The earth acceleration is 9,81 m/sec*sec.

Let us assume you have a draw length of 1,20 m (that is quite long). And let us further assume that the ball (15mm diameter, .60") flies with 65 m/sec at the end of the acceleration (V0 = 65 m/s, at the fork). That would mean that the average speed is 32,5 m/sec between pouch and fork.

In this case the ball would need 0,037 seconds (37 milliseconds) to reach your hand.

In this time frame, it would drop 0.5*981 cm * 0,037 * 0,037 = 0,67 cm (under 7mm).

The 15 mm ball passes the fork with its lower rim 1,05 cm over the top of the grip (= your hand).

The shot would have to fly as slow as 40 m/sec (at the end of the acceleration, so V0=40m/s) to make the ball just graze the tip of the grip. That would be a very weak shot.

This calculation does not even assume that the pouch moves towards the fork tips and counterbalances the gravity (a slight upwards vector is applied to the ball). So in reality, the drop is even less substantial.

But of course it would be easy to add another safety margin by making the fork ends higher. It would spoil the effectiveness of the design, though. And then of course the ball may still fall out of your pouch and then hit your foot. Ouch!

So I think it is fair to say that my design is well thought through, supported by the laws of physics and proven by field tests using professional equipment.

Bill Herriman pointed out to me that there is enhanced danger if you do wing shooting (= trying to hit a flying target). That is certainly true, as you may move the slingshot upwards during the shot. This would ruin the safety margin and I do not think that my "W" would be a safe design for wing shooting.

Greetings

Jörg


----------



## NightKnight (Dec 16, 2009)

Good article! I seem to remember you saying in one of your videos that the up/down hinge mount also allowed for a lower fork. It that true?


----------



## JoergS (Dec 17, 2009)

The hinges are absolutely needed for a laser attachment. But the Over The Top method (like most other methods) has "built in" hinges, so it is not really necessary to use hinges if you don't need a laser.


----------



## ZDP-189 (Mar 14, 2010)

What camera do you use for your high-speed work?


----------



## TruckeeLocal (Dec 23, 2009)

Before this topic gets sidetracked, I hope everyone thinks about what Joerg is saying here.

Lowering the band attachments as close a possible to you hand is the key to reducing the strain on you wrist (I know Joerg has said this many times).

If you guys are worried about hitting your hand you might want to use a style of hold that allows you to see the angle of the bands towards the forks. My wooden slings have forks that are only one inch tall and my finger tips are only about .5 inches below the bands. This allows me to pull wide flatbands with only three fingers holding the sling. Since I can see the angle of the bands to the sling the possibility of hitting my hand is all but eliminated.
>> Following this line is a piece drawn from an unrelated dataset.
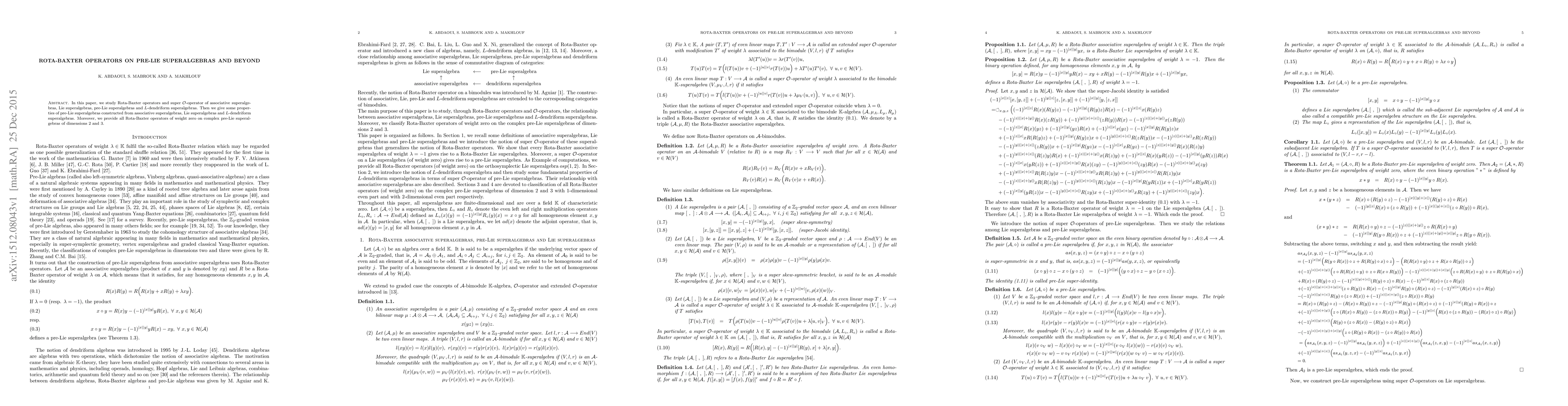 This paper investigates Rota-Baxter operators and super $\mathcal{O}$-operators in associative, Lie, pre-Lie, and $L$-dendriform superalgebras, focusing on properties of pre-Lie superalgebras derived from other structures, and identifies all Rota-Baxter operators of weight zero in complex pre-Lie superalgebras of dimensions $2$ and $3$.

This is something you have to work up to. Once you have developed the technique and the confidence to lower the forks as low as possible you will be amazed at how much you can reduce the leverage on your wrist.


----------



## Brooklyn00003 (Feb 28, 2010)

Matter of fact you dont even need a fork as we can see in 1 of Joerg's video,But you have to have some serius practice before that.


----------



## torsten (Feb 9, 2010)

Interesting numbers - if you hold the fork horizontally with pistol-grip!
If not - ...

Here is the vid about shooting with no fork hight - because there is no fork...
http://www.youtube.com/user/GekoGR#p/u/2/-yJpefpJcUk


----------